▶ _Exercise details_
Exact copies of all the lines below are needed, without the pictures.

▶ _Supplied data_

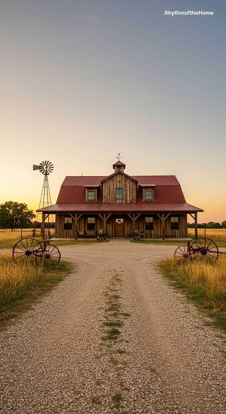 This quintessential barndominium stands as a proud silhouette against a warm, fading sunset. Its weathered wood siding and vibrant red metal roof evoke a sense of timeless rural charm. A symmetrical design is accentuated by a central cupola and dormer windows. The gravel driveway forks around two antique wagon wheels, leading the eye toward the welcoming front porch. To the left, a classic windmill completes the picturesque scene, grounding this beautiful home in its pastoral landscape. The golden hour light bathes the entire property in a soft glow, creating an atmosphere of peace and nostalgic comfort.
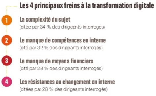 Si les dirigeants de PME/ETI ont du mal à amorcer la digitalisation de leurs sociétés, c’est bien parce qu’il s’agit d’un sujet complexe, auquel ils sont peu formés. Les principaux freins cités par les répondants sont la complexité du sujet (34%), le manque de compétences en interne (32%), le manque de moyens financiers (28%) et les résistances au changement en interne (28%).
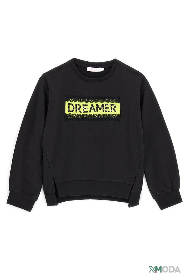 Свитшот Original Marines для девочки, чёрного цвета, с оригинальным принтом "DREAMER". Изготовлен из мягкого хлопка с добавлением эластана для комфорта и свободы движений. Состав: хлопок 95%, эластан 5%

▶ _Exercise answer_
 This quintessential barndominium stands as a proud silhouette against a warm, fading sunset. Its weathered wood siding and vibrant red metal roof evoke a sense of timeless rural charm. A symmetrical design is accentuated by a central cupola and dormer windows. The gravel driveway forks around two antique wagon wheels, leading the eye toward the welcoming front porch. To the left, a classic windmill completes the picturesque scene, grounding this beautiful home in its pastoral landscape. The golden hour light bathes the entire property in a soft glow, creating an atmosphere of peace and nostalgic comfort.
 Si les dirigeants de PME/ETI ont du mal à amorcer la digitalisation de leurs sociétés, c’est bien parce qu’il s’agit d’un sujet complexe, auquel ils sont peu formés. Les principaux freins cités par les répondants sont la complexité du sujet (34%), le manque de compétences en interne (32%), le manque de moyens financiers (28%) et les résistances au changement en interne (28%).
 Свитшот Original Marines для девочки, чёрного цвета, с оригинальным принтом "DREAMER". Изготовлен из мягкого хлопка с добавлением эластана для комфорта и свободы движений. Состав: хлопок 95%, эластан 5%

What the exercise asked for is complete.